As a participant in my study, you will be asked to complete an interview to collect your
thoughts about diversifying your investments across different countries. The interview
will last up to 90 minutes. After the interview, you will be asked to review your interview
transcript for accuracy and email any changes to me within one week. The review may
take up to 30 minutes. In addition to the interview, you will be asked to complete 3
journal entries over 4 weeks about your feelings and thoughts when making an
investment decision. The journal entries may take up to 60 minutes. The informed
consent form is attached to this email and will provide more details on participation. Any
information you share about yourself and your identity will be kept confidential.
To make sure that you meet the requirements for the study, I need you to answer three
brief questions. These questions require yes/no answer questions. No elaboration is
required. The answers to these questions do not obligate you to participate in the study.

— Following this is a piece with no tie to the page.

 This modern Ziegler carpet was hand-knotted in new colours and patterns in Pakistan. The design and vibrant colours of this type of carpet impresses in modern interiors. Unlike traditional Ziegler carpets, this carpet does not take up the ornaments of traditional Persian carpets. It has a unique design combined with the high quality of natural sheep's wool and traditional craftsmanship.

Even if you are selected to participate, you can opt out at any time.
1. Are you at least 18 years old?
2. Do you currently work or live in the Washington DC Metropolitan Area?

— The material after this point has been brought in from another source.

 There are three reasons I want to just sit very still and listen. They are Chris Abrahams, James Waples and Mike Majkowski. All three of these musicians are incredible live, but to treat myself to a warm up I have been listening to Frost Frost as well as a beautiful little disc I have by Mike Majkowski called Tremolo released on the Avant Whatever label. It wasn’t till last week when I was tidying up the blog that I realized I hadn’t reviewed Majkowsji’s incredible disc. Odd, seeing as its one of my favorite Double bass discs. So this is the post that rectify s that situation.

3. Do you invest your money in different countries?
If you answered “yes” to all the three questions above, the next step is to set a time for
our interview. We can do the interview over the phone or in person. If you prefer an in
person interview, please suggest a convenient public place (with private space, such as a
public library) where we could meet.
For your convenience, I will let you choose the date and time. I would suggest choosing a
day and time when interruptions can be held to a minimum. When you reply to this email,
please include your preference for the date, time, and location of the interview.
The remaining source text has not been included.